The decline of northern malaria and population dynamics of Plamodium vivax

Europe was declared malaria free in 1975. The disappearance of malaria has traditionally been attributed to numerous deliberate actions like vector control, the screening of houses, more efficient medication etc. Malaria, however, disappeared from many countries like Finland before any counter measures had even started. The aim of this thesis is to study the population ecology of P. vivax and its interaction with the human host and the vector. By finding the factors that attributed to the extinction of vivax malaria it might be possible to improve the modern strategy against P. vivax. The parasite was studied with data from Finland, which provides the longest time series (1749-2008) of malaria statistics in the world. The malaria vectors, Anopheles messeae and A. beklemishevi are still common species in the country. The eradication of vivax malaria is difficult because the parasite has a dormant stage that can cause a relapse long after a primary infection. It was now shown that P. vivax is able to detect the presence of a potential vector. A dormant stage is triggered even from a bite of an uninfected Anopheles mosquito. This optimizes the chances for the Plasmodium to reach a mosquito vector for sexual reproduction. The longevity of the dormant stage could be shown to be at least nine years. The parasite spends several years in its human host and the behaviour of the human carrier had a profound impact on the decline of the disease in Finland.
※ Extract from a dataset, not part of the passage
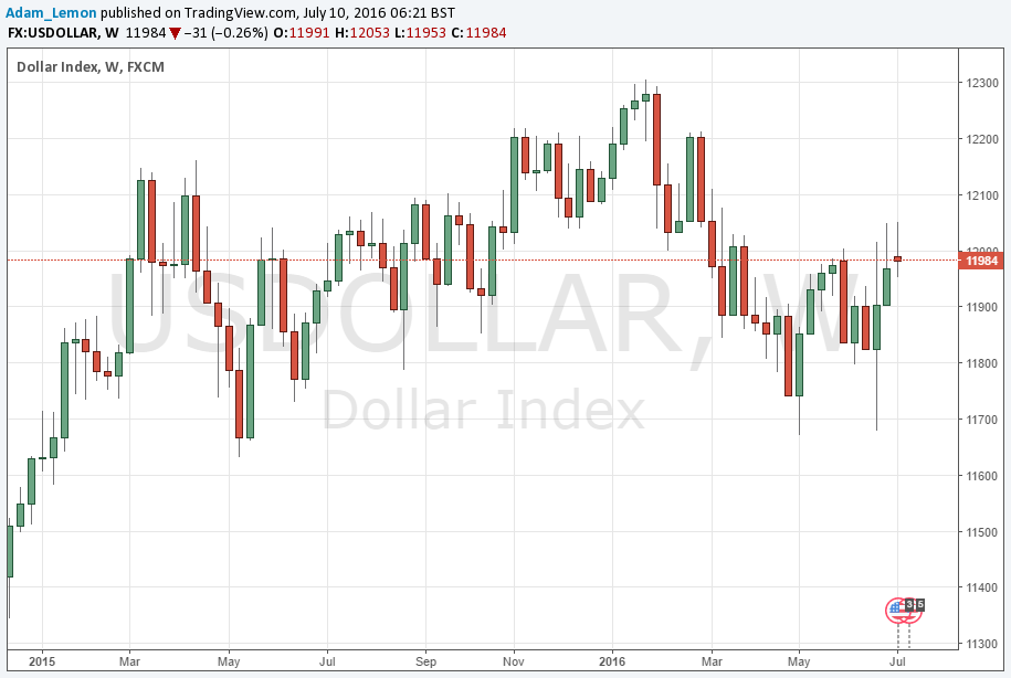 The U.S. Dollar did not really go anywhere last week, printing a small doji candle with a slightly larger upper wick. The price has closed above its level of 13 weeks ago, suggesting that the downwards trend is over. However the action is again suggestive of a resistant cap at 12000.

Malaria spring epidemics could be explained by a previous warm summer. Neither annual nor summer mean temperature had any impact on the long term malaria trend. Malaria disappeared slowly from Finland without mosquito control. The sociological change from extended families to nuclear families led to decreased household size. The decreased household size correlated strongly with the decline of malaria. That led to an increased isolation of the subpopulations of P. vivax. Their habitat consisted of the bedrooms in which human carriers slept together with the overwintering vectors. The isolation of the parasite ultimately led to the extinction of vivax malaria. Metapopulation models adapted to local conditions should therefore be implemented as a tool for settlement planning and socio-economic development and become an integrated part of the fight against malaria.

Endemic malaria: an 'indoor' disease in northern Europe

Background: Endemic northern malaria reached 68°N latitude in Europe during the 19th century, where the summer mean temperature only irregularly exceeded 16°C, the lower limit needed for sporogony of Plasmodium vivax. Because of the available historical material and little use of quinine, Finland was suitable for an analysis of endemic malaria and temperature. Methods: Annual malaria death frequencies during 1800–1870 extracted from parish records were analysed against long-term temperature records in Finland, Russia and Sweden. Supporting data from 1750–1799 were used in the interpretation of the results. The life cycle and behaviour of the anopheline mosquitoes were interpreted according to the literature. Results: Malaria frequencies correlated strongly with the mean temperature of June and July of the preceding summer, corresponding to larval development of the vector. Hatching of imagoes peaks in the middle of August, when the temperature most years is too low for the sporogony of Plasmodium. After mating some of the females hibernate in human dwellings. If the female gets gametocytes from infective humans, the development of Plasmodium can only continue indoors, in heated buildings. Conclusion: Northern malaria existed in a cold climate by means of summer dormancy of hypnozoites in humans and indoor transmission of sporozoites throughout the winter by semiactive hibernating mosquitoes. Variable climatic conditions did not affect this relationship. The epidemics, however, were regulated by the population size of the mosquitoes which, in turn, ultimately was controlled by the temperatures of the preceding summer.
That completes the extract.